Sure enough, her liver enzyme counts were sky high this time. The diagnosis was hepatitis, which is a general term for liver inflammation. Hepatitis can be caused by viruses, bacteria or drugs. Bodybuilders who use large doses of anabolic steroids commonly acquire a chemical hepatitis. The oral steroids build up in the liver, which causes a swelling that interferes with the normal flow of bile through the liver. It shows up as elevated liver enzymes, and if it progresses, jaundice can appear. The condition recedes when the bodybuilders stop using oral steroids. In the case of the woman who overdosed on 5HE, since no other apparent substances or abnormalities were present, all the evidence seemed to point to the excessive amount of energy drink as the cause of her hepatitis.
Within a month after she cut out 5HE, the woman’s liver enzymes returned to normal. You have to wonder though, What is it about 5HE that caused the problem? Of course, she should never have chugged those 10 bottles a day, far more than the suggested maximum dose, but many people think that if a product is sold over the counter, it must be benign, which isn’t always true. Much of what happens depends on how much and how often you use a product. For example, if the woman had drunk 10 bottles of 5HE in a row, she would likely have experienced the toxic effects of caffeine, which can include anxiety, insomnia, headaches, restlessness and heart rhythm disturbances. She might even have died from a rapid intake of that much.

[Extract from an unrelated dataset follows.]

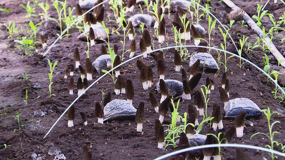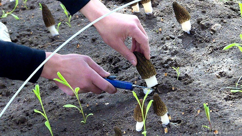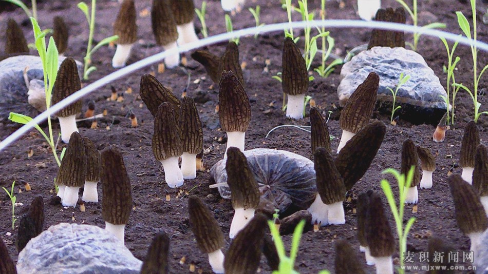 “從去年9月份開始收拾這里的地,進行殺蟲滅菌以及調(diào)整pH值,在10月底左右,將菌種下種,經(jīng)過了一個冬天,從今年3月份開始澆了一次出菇水,過了一個禮拜菇就出來了。經(jīng)過一段時間的管理,各方面挺好的。前段時間高溫天氣對羊肚菌危害很大,但是利橋鎮(zhèn)這里地理環(huán)境、氣候是很適合種植這個東西的!崩麡蜴(zhèn)羊肚菌基地負責人王斌說。
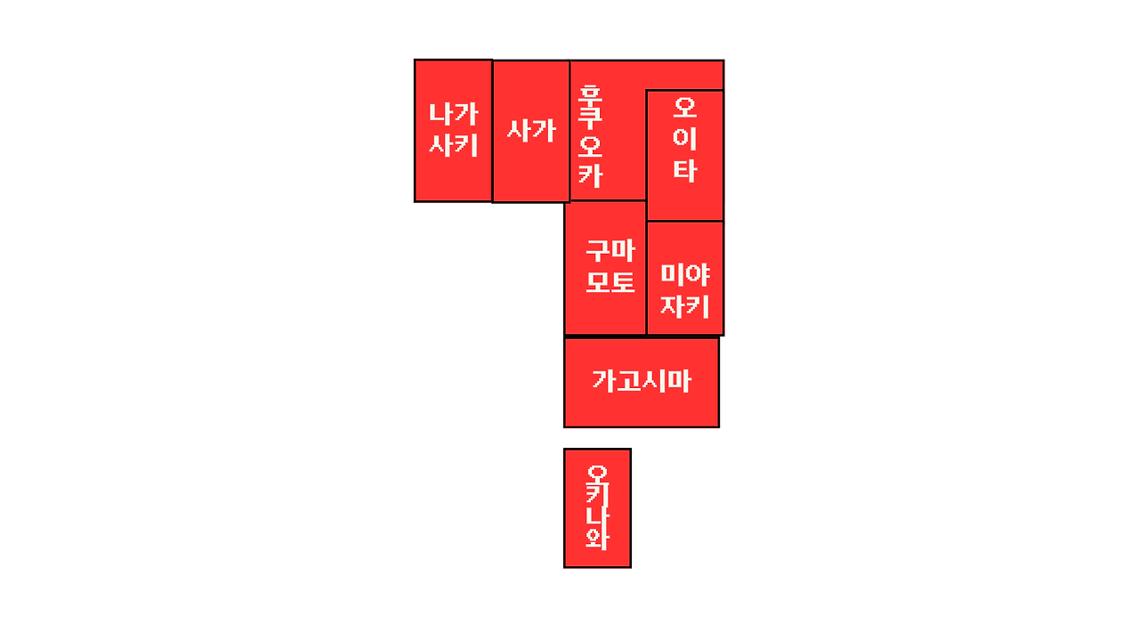 나가사키는 일본으로 들어갈 수 있는 서남쪽의 항구도시로 외국의 문물이 먼저 들어오는 경로입니다. 따라서 짬뽕과 카스텔라와 같은 음식이 유명하죠. 후쿠는 복(福)이라는 뜻이고 오카는 언덕이니 '복 된 언덕'쯤 되겠네요. 그 사이에 있으니 사가, 오이타는 아소산 동쪽 지역이라 벳부 등 온천이 유명합니다. 일본어로 곰은 '구마'이며, 미야자키는 미야자키하야오와 연상시킬 수 있죠. 오키나와는 규슈에 포함하지 않지만, 기억의 편의를 위해 함께 익히도록 합니다.

The physicians who wrote the case study think that the culprit was the B-complex vitamin niacin contained in 5HE. Most cases of niacin toxicity occur with doses of 1,000 milligrams or more, although smaller amounts can produce a “niacin flush,” manifested by a burning and itching sensation in the skin. The total amount of niacin that the woman got in the 5HE was only 300 milligrams. In most people that would cause no problems other than an annoying niacin flush. Yet the doctors think that it caused the woman’s hepatitis, which suggests that she had a sensitivity to niacin that most other people don’t have. That assumes, of course, that their theory is correct.
So what to deduce from all this information about energy drinks like 5HE? Save your money. The active ingredient affecting mental alertness is the caffeine, and you can get caffeine far more cheaply either by just drinking a few cups of coffee or taking a caffeine tablet or two. If you opt for the actual coffee, not only will you get a mental boost, but the polyphenol content of the java will also provide potent antioxidants that, among other features, help protect you against diabetes and cancer.
Editor’s note: Jerry Brainum has been an exercise and nutrition researcher and journalist for more than 25 years. He’s worked with pro bodybuilders as well as many Olympic and professional athletes. To get his new e-book, Natural Anabolics—Nutrients, Compounds and Supplements That Can Accelerate Muscle Growth Without Drugs, visit www.JerryBrainum.com. IM
1 Buckenmeyer, P., et al. (2011). Effect of 5-Hour Energy shot on cognitive function of college-aged individuals. Med Sci Sports Exerc. 43:644.
2 Vivekanaandarajah, A., et al. (2011). Acute hepatitis in a woman following excessive ingestion of an energy drink: a case report. J Med Case reports. 5:227.